■ RECORDED INFORMATION ■
↓

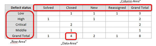 „Row-Area“ field that is configured on Significance shows all the element’s significances as rows. The „Column-Area“ field that is configured on Status shows all statuses as columns, and „Data-Area“ field is configured on the number of elements shows the corresponding number of elements from the significance-status-pairs
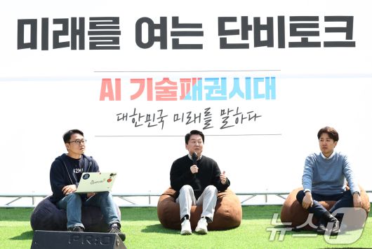 안철수 국민의힘 대선 경선 후보와 이준석 개혁신당 대선 후보가 25일 경기 성남시 판교역 인근 광장에서 열린 '미래를 여는 단비토크, Ai 기술패권시대 대한민국 미래를 말하다'에서 발언하고 있다. 2025.4.25/뉴스1 ⓒ News1 김민지 기자 |
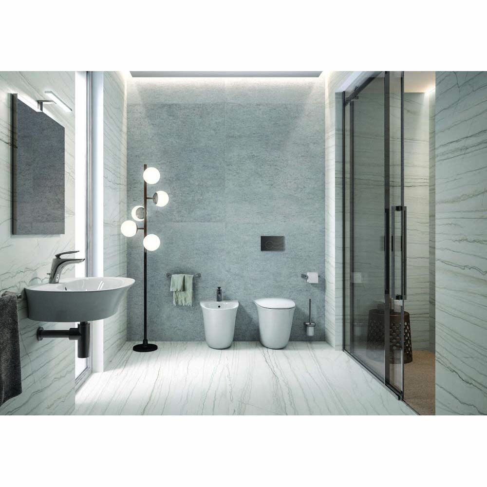 Breng een vleugje elegantie in uw badkamer met het RAK Sensation randloze, staande toilet, inclusief softclose toiletzitting.

↑

With the images removed, write out all of the material above exactly.

■ COMPLETED TASK ■
 „Row-Area“ field that is configured on Significance shows all the element’s significances as rows. The „Column-Area“ field that is configured on Status shows all statuses as columns, and „Data-Area“ field is configured on the number of elements shows the corresponding number of elements from the significance-status-pairs
 안철수 국민의힘 대선 경선 후보와 이준석 개혁신당 대선 후보가 25일 경기 성남시 판교역 인근 광장에서 열린 '미래를 여는 단비토크, Ai 기술패권시대 대한민국 미래를 말하다'에서 발언하고 있다. 2025.4.25/뉴스1 ⓒ News1 김민지 기자 |
 Breng een vleugje elegantie in uw badkamer met het RAK Sensation randloze, staande toilet, inclusief softclose toiletzitting.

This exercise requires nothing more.